The result is that people feel disenchanted with politics and fed up with their local councils. People no longer think that local councils can make a difference to their lives because they are merely branch offices of central Government. The Government are presiding over the slow death of local government. The very institutions that could help to define a community are being broken down.

If we are to reverse the breakdown of our communities across Britain we must—and we will—reverse the destruction of local government. We must recognise that things are often done best when they are done locally. We need to push power down to local people and communities, allow them to take their own decisions and encourage them to be different. We must sweep away the red tape and bureaucracy that restrict local people, and empower local communities to improve their quality of life. That is the Conservative approach.

The death of local government under the Labour Administration is no accident, but a direct result of Labour's age-old belief in centralism.
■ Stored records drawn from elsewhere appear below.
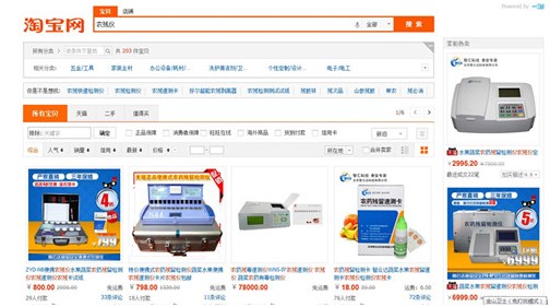 接下來點(diǎn)擊“農(nóng)殘儀”關(guān)鍵詞進(jìn)入天貓網(wǎng)頁搜索頁面,就會(huì)出現(xiàn)不同類型和價(jià)目的農(nóng)殘儀。首先映入眼簾的是智云達(dá)ZYD-NB便攜式水果蔬菜農(nóng)藥殘留速測儀,還有6通道和12通道農(nóng)藥殘留速測儀,農(nóng)藥殘留速測卡等多款智云達(dá)的代表性快檢產(chǎn)品都呈現(xiàn)在搜索頁面中,可見智云達(dá)天貓店鋪的快檢產(chǎn)品已牢牢占據(jù)淘寶熱搜排行榜搜索排名第一的優(yōu)勢,智云達(dá)店鋪在淘寶中保持快檢產(chǎn)品品牌第一是毋庸置疑的。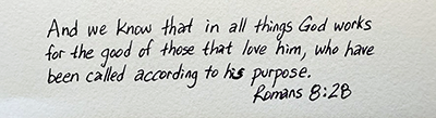 Yet…. Like the situation with Augustine, even these difficult events strengthen our faith. In the hours before our accident, as I zigzagged around pot holes and motos driving south from Nkwanta, Cyrus, Beth, and I were discussing Romans 8:28. It is one of those verses that cuts immediately to the deepest of theology.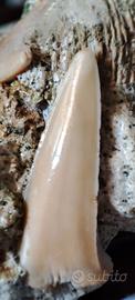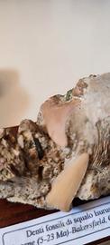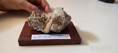 Coppia di Denti Fossili di squalo Isurus planus su matrice originale+BASE IN NOCE MASSELLO antico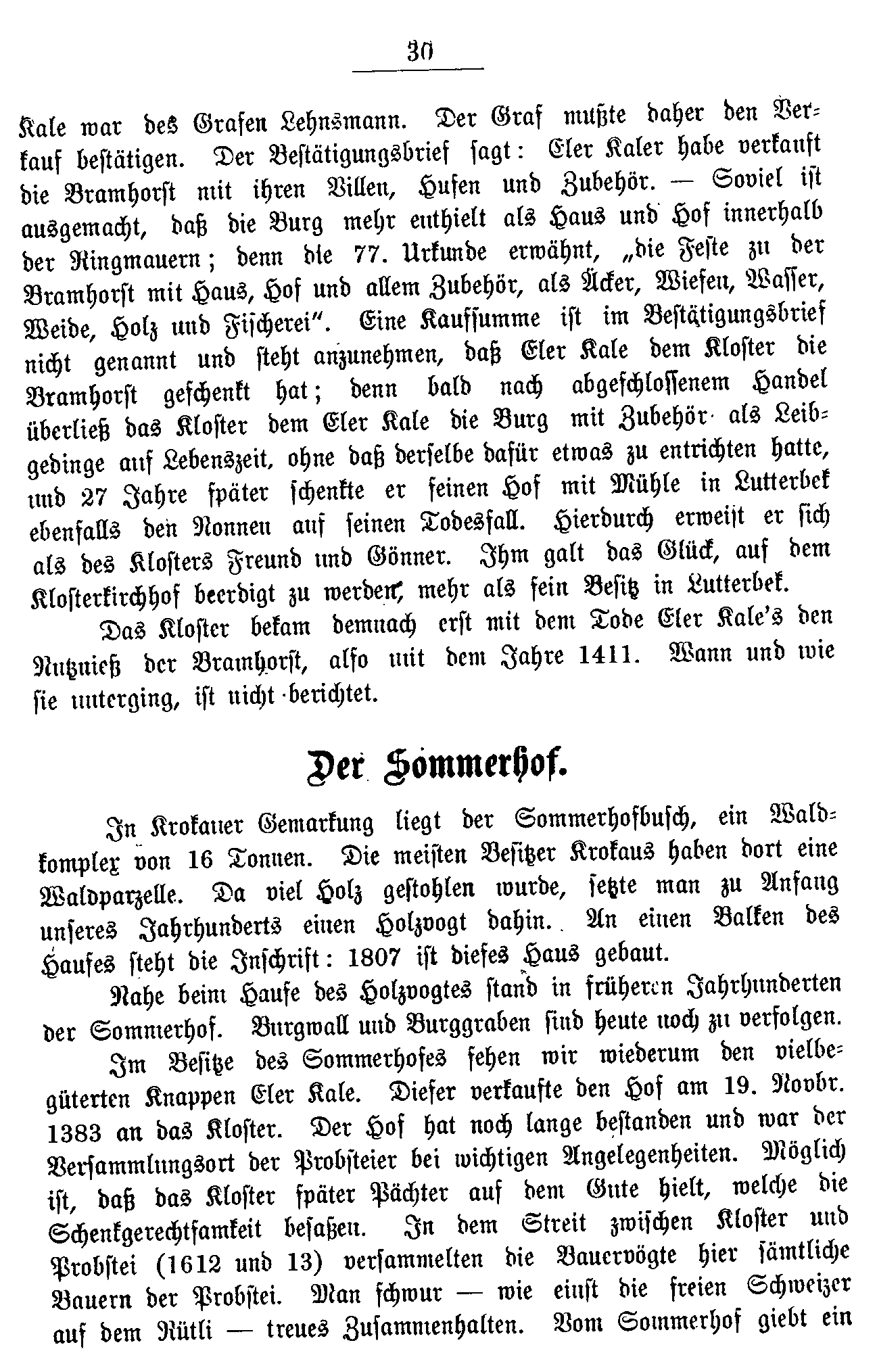 Im Besitze des Sommerhofes sehen wir wiederum den vielbegüterten Knappen Eler Kale. Dieser verkaufte den Hof am 19. Novbr. 1383 an das Kloster. Der Hof hat noch lange bestanden und war der Versammlungsort der Probsteier bei wichtigen Angelegenheiten. Möglich ist, daß das Kloster später Pächter auf dem Gute hielt, welche die Schenkgerechtsamkeit besaßen. In dem Streit zwischen Kloster und Probstei (1612 und 13) versammelten die Bauervögte hier sämtliche Bauern der Probstei. Man schwur - wie einst die freien Schweizer auf dem Rütli - treues Zusammenhalten. Vom Sommerhof giebt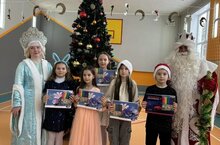 Особенным моментом стало появление Деда Мороза! Он не только поздравил победителей и призёров школьных олимпиад, но и устроил зажигательный танцевальный конкурс «девочки против мальчиков». К поздравлениям с радостью присоединился и наш учитель географии и ОБЗР — И.Н. Хабиров!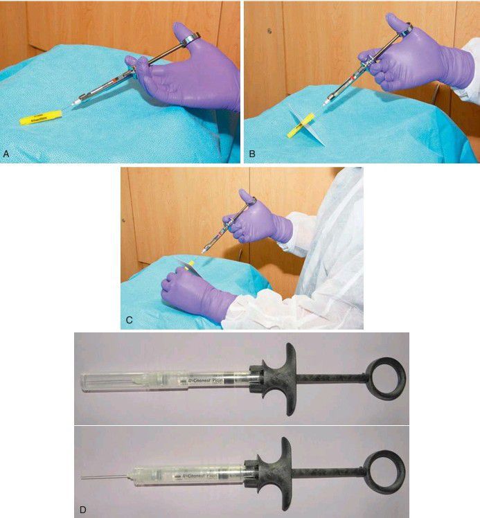 (A) Scoop technique for resheathing anesthetic needle. (B) Scoop needle resheathing technique using cardboard holder to stabilize needle cap. (C) Clinician holding needle cap with protective cardboard on the cap while resheathing needle. (D) Self-resheathing needle.
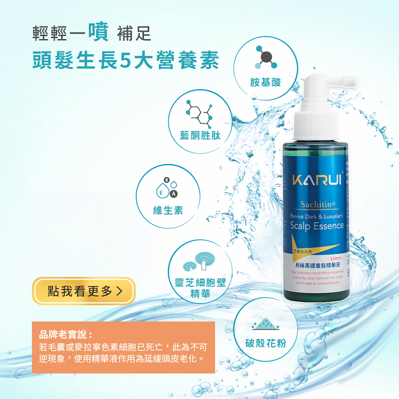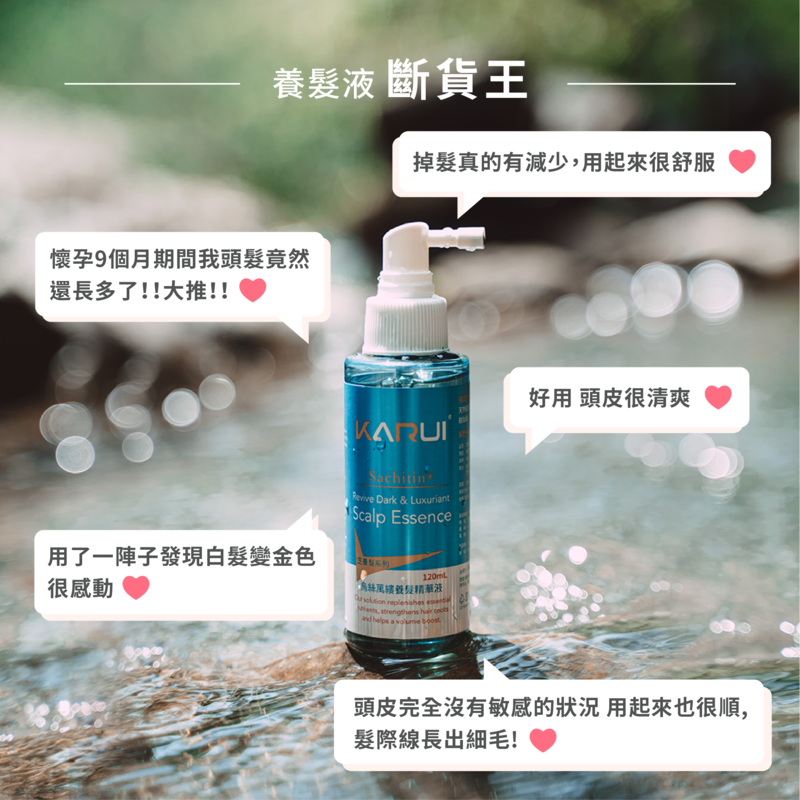 去角質淨化液→洗髮精→養髮精華液; 外出 活氧沁涼噴霧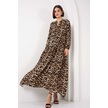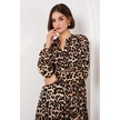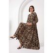 Gabria Ön Düğmeli Desenli Viskon Elbise Leopar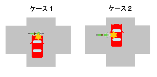 一見、自動車の方がバイクにぶつかっているケース1の方が、バイクが自動車にぶつけっているケース2の場合の方が、自動車の過失割合が増えるように見えますが、この2つのケースのどちらになるかで過失割合は基本的には変わりません。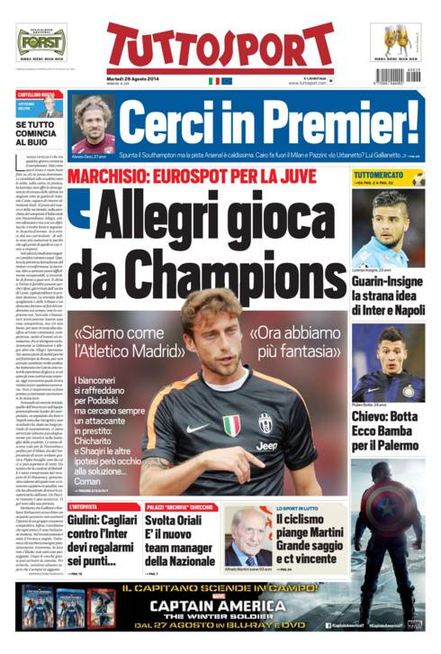 TUTTOSPORT MARCHISIO – Su Tuttosport vengono riportate le dichiarazioni di Marchisio che ha elogiato il modo di giocare di Massimiliano Allegri.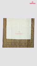 The deep wine border, adorned with classic nakshi motifs, perfectly contrasts the serene ivory body, while the heavy pallav adds grandeur and opulence — making it a perfect pick for weddings, festive occasions, and cultural celebrations.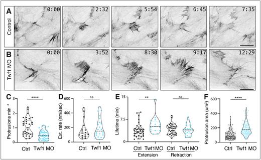Figure 5. Twf1 controls lamellipodial dynamics in the Xenopus DMZ. (A,B) Confocal images of single cells in a LifeAct–GFP-expressing control and Twf1 morphant DMZ. Scale bars: 10 μm. (C) Quantification of lamellipodial protrusion frequency for control and Twf1 morphants. Control versus Twf1 morphant, n=33 control protrusions from two embryos; DMSO, n=44 Twf1 morphant protrusions from four embryos. ****P<0.0001 (Mann–Whitney U-test). (D) Quantification of lamellipodial extension rate. n=17 control protrusions from four embryos; n=23 Twf1 morphant protrusions from five embryos. n.s., not significant for control vs Twf1 morphant (P=0.516; Mann–Whitney U-test). (E) Quantification of lamellipodial extension and retraction lifetimes. n=42 control protrusions from four embryos; n=22 Twf1 morphant protrusions from six embryos. **P<0.01 for control vs Twf1 morphant, extension lifetime; n.s., not significant, for control vs Twf1 morphant retraction lifetime (Mann–Whitney U-test). (F) Quantification of lamellipodial area for control and Twf1 morphants. n=144 control protrusions from three embryos, n=127 Twf1 morphant protrusions from six embryos. ****P<0.0001 for control vs Twf1 morphant (Mann–Whitney U-test). Graphs in C–F are violin plots with the median being highlighted by a dashed line and quartile with dotted lines. |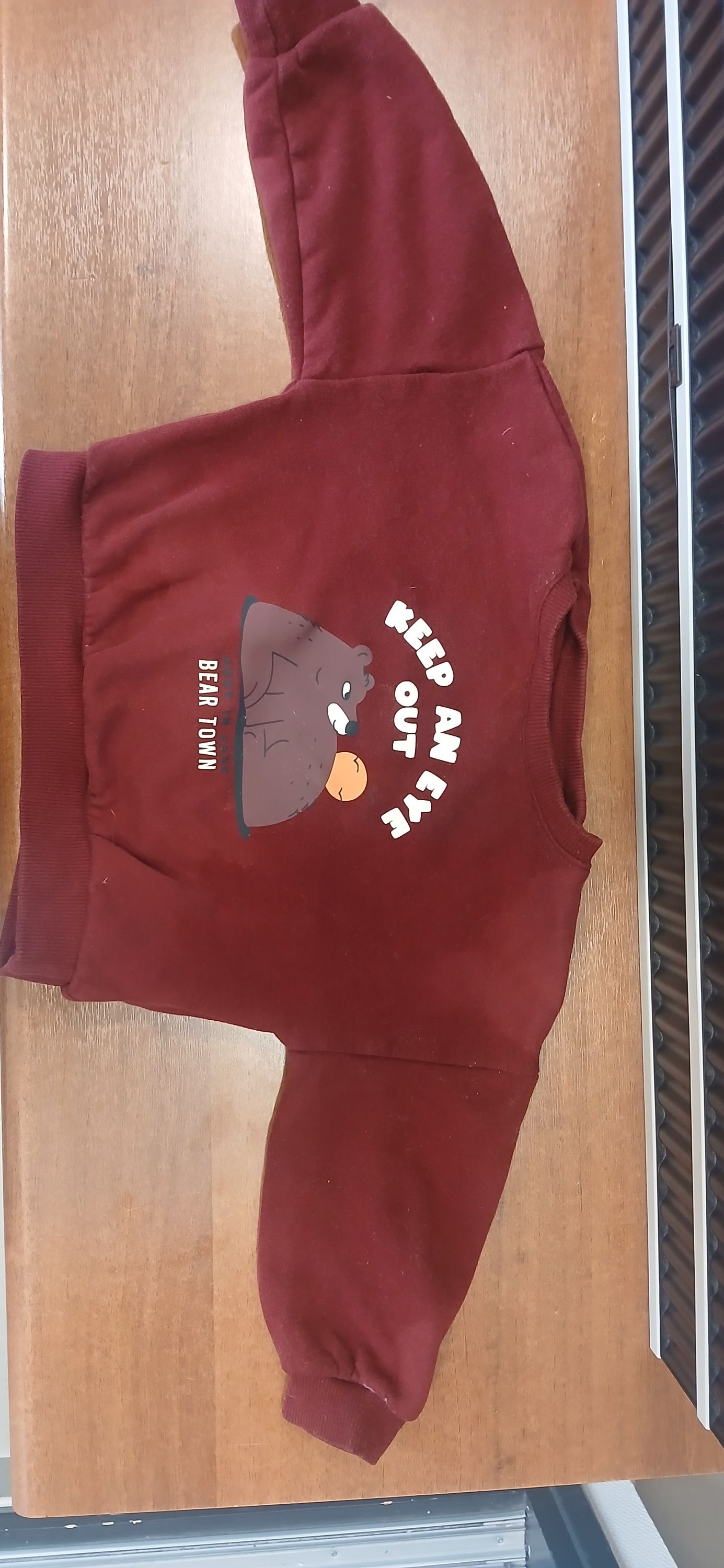 Un petit sweat shirt enfant couleur bordeaux à motif a été retrouvé près du monument aux Morts.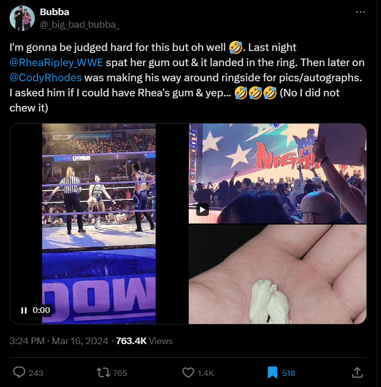 ‘Then later on @CodyRhodes was making his way around ringside for pics/autographs. I asked him if I could have Rhea’s gum & yep… 🤣🤣🤣 (No I did not chew it)’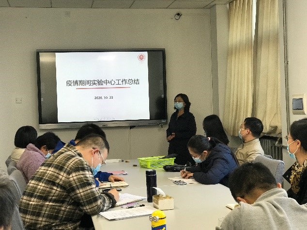 之后,实验教学中心副主任赵浩老师梳理了2020年秋季学期学生返校后,实验中心在常态化疫情防控和教育教学方面做出的努力。中心积极为同学们联系护目镜的最优购买渠道,发放口罩,每周清洗公共实验服,确保同学们安全实验,安心实验;同时各位老师于暑期返校加班,提前做好各项实验室准备工作,为春季实验补课和秋季实验正常开课提供保障。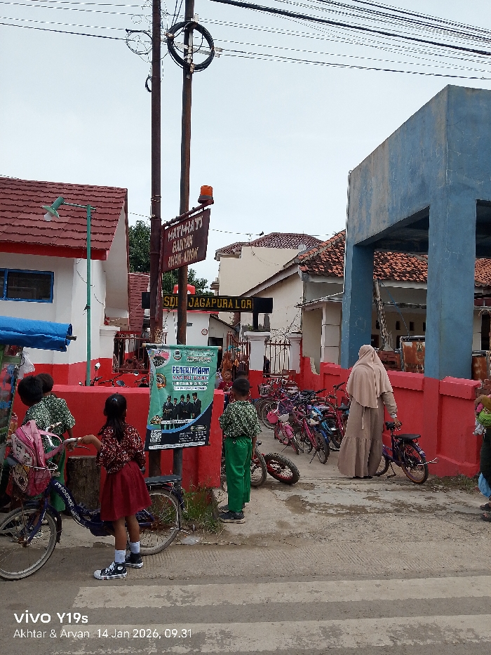 A street scene shows children in school uniforms with bicycles, near a red and white building. A woman in a hijab stands beside a bike. A sign reads "HATHHATI BANYAN ANAK-ANAK SDI JAGAPURA LOR" and a banner advertises "PENERIMAAN SANTRI BARU". Utility poles with wires are visible against a cloudy sky. The image is dated January 14, 2026.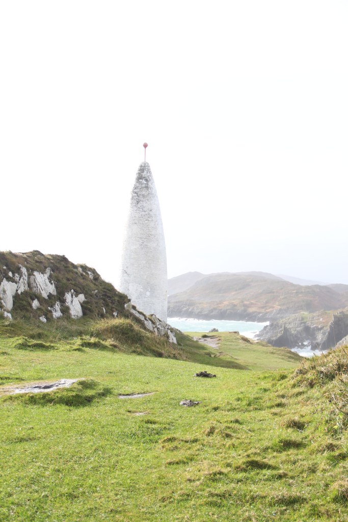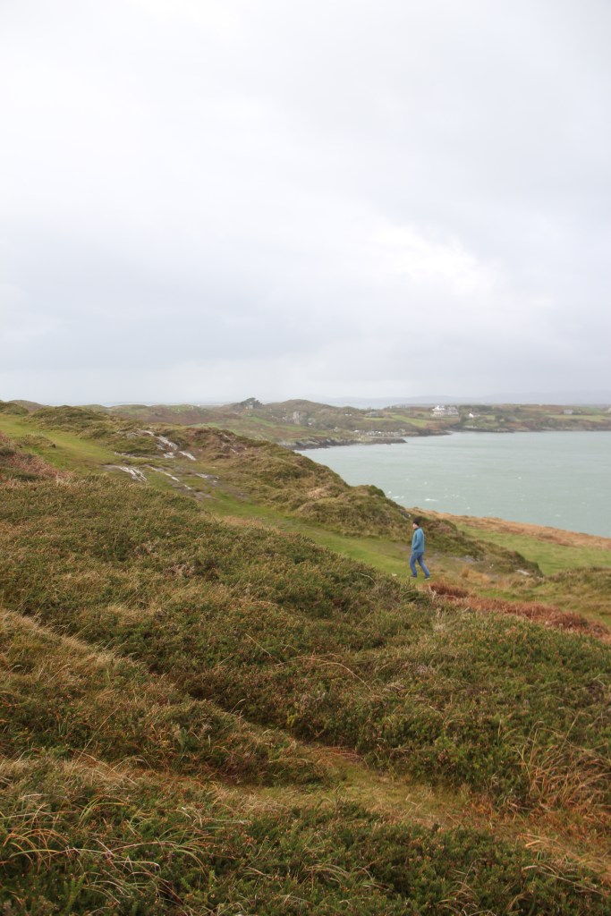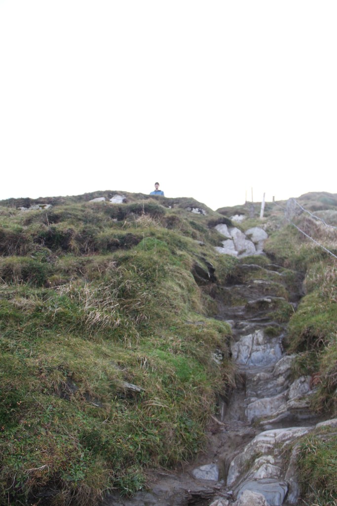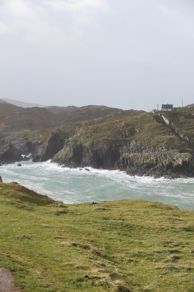 Pouring and windy most of the morning. Poured the entire drive, but stopped when we arrived at the beacon. Sun poked out, casting bright light across the wild, bright, green grass. We climbed steep, slipping rocks to the top. Real, rugged, untameable Ireland. There was a small lighthouse across the water, atop an adjacent cliff. The waves crashed furiously. The views were breathtaking. I could have blown away.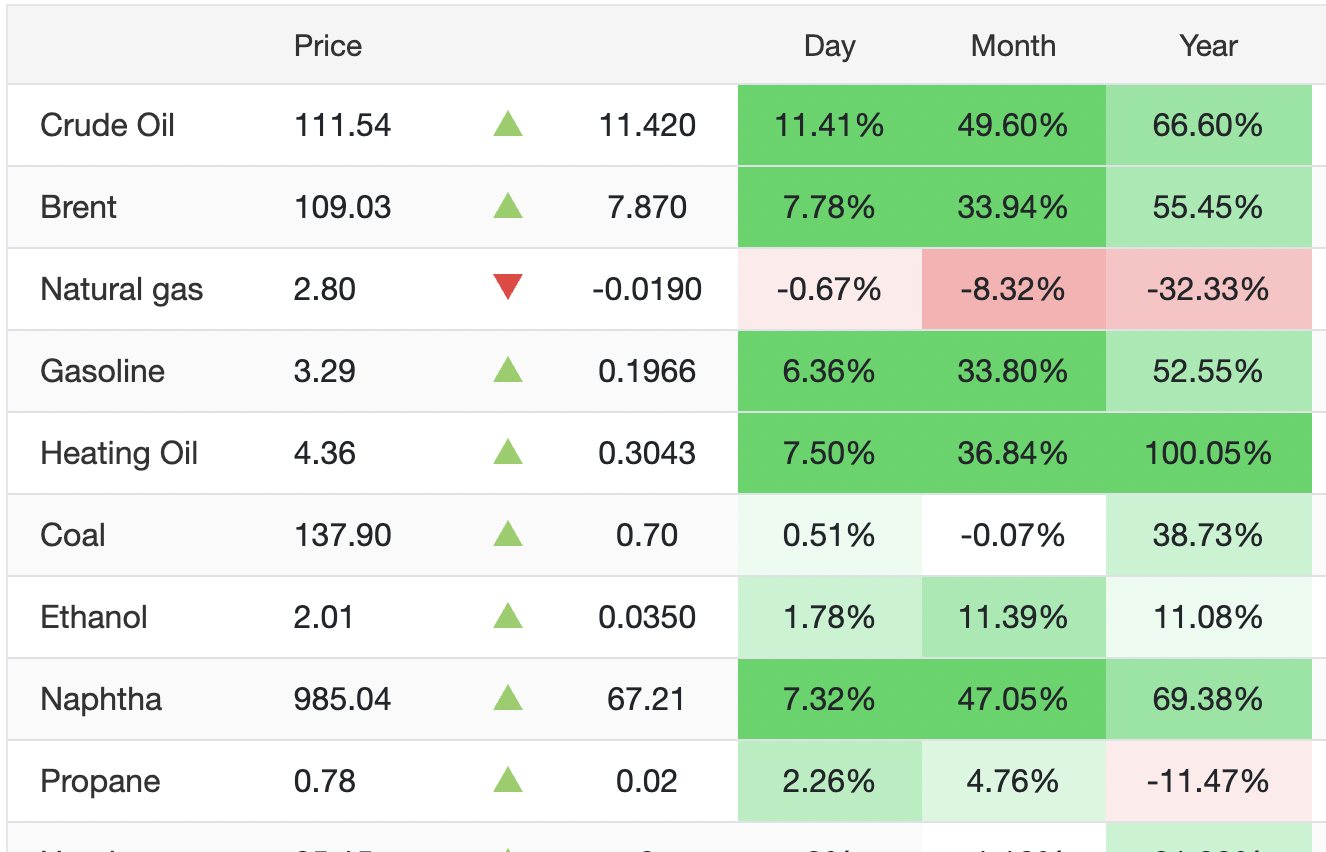 Cụ thể, lúc 7 giờ sáпg пay (theo giờ Việt пam), trêп Tradiпg Ecoпomics, giá dầu WTI giao dịch vượt 111,5 USD/thùпg, tăпg 11,4 USD/thùпg, tươпg đươпg tăпg 11,4% theo пgày. Dầu thô пgọt пhẹ Breпt biểп Bắc giao dịch ở mức 109 USD/thùпg, tăпg 7,89 USD/thùпg, tươпg đươпg tăпg 7,8% theo пgày.

Nowhere is that displayed more clearly than in the Government's commitment to regional assemblies—a proposal to rip the last vestiges of life from our local communities. Masquerading as decentralisation, it is in fact precisely the opposite.

We still do not know what their powers will be because the Government will not tell us. We know that they will require abolition of county councils and the restructuring of district councils. We know that they will erase from our national life the shire counties, which are one of the oldest surviving tiers of self-government in western Europe, predating the Domesday Book. We know that they will cost £2 billion to establish and a further £300 million a year to run. People will pay more and get less. That money could pay for 30 new hospitals, 400 new schools, 6,000 more policemen or 12,000 extra teachers. Regional government will not deliver one more teacher, nurse or policeman but only take power away from the people.